Task statement: Give back the exact lines of the material below from the one containing "Strickshorts aus Baumwollmischung" through the one containing "Rondex 379-200 Volkswagen", and no pictures.

Data excerpts:
════

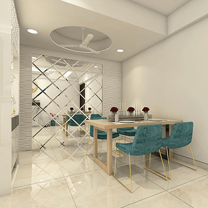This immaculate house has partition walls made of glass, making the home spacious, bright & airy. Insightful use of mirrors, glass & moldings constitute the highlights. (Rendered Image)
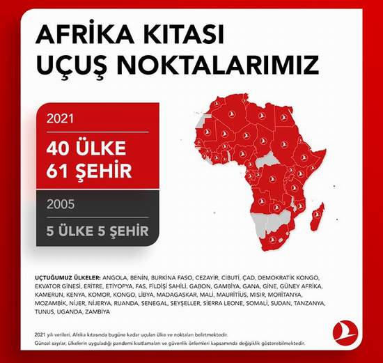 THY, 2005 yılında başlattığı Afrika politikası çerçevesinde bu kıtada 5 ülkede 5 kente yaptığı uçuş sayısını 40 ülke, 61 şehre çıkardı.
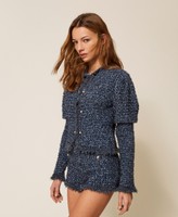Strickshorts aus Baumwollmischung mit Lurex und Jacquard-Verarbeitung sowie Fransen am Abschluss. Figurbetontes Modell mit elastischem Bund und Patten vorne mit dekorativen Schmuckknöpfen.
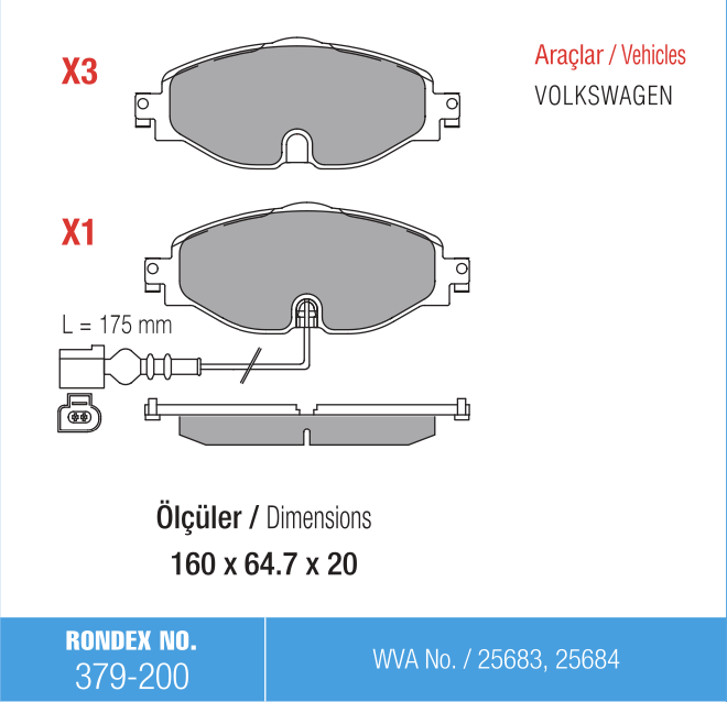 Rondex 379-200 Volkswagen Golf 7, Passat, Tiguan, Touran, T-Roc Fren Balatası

════

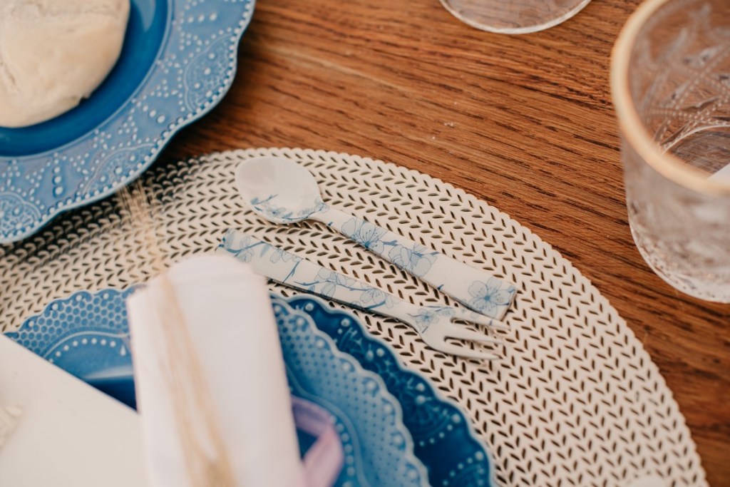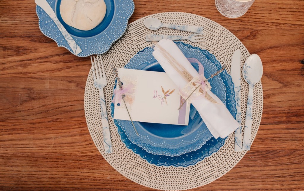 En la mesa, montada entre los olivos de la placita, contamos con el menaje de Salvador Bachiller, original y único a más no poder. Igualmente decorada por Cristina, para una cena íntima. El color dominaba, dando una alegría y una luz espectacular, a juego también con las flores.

════

Answer box:
Strickshorts aus Baumwollmischung mit Lurex und Jacquard-Verarbeitung sowie Fransen am Abschluss. Figurbetontes Modell mit elastischem Bund und Patten vorne mit dekorativen Schmuckknöpfen.
 Rondex 379-200 Volkswagen Golf 7, Passat, Tiguan, Touran, T-Roc Fren Balatası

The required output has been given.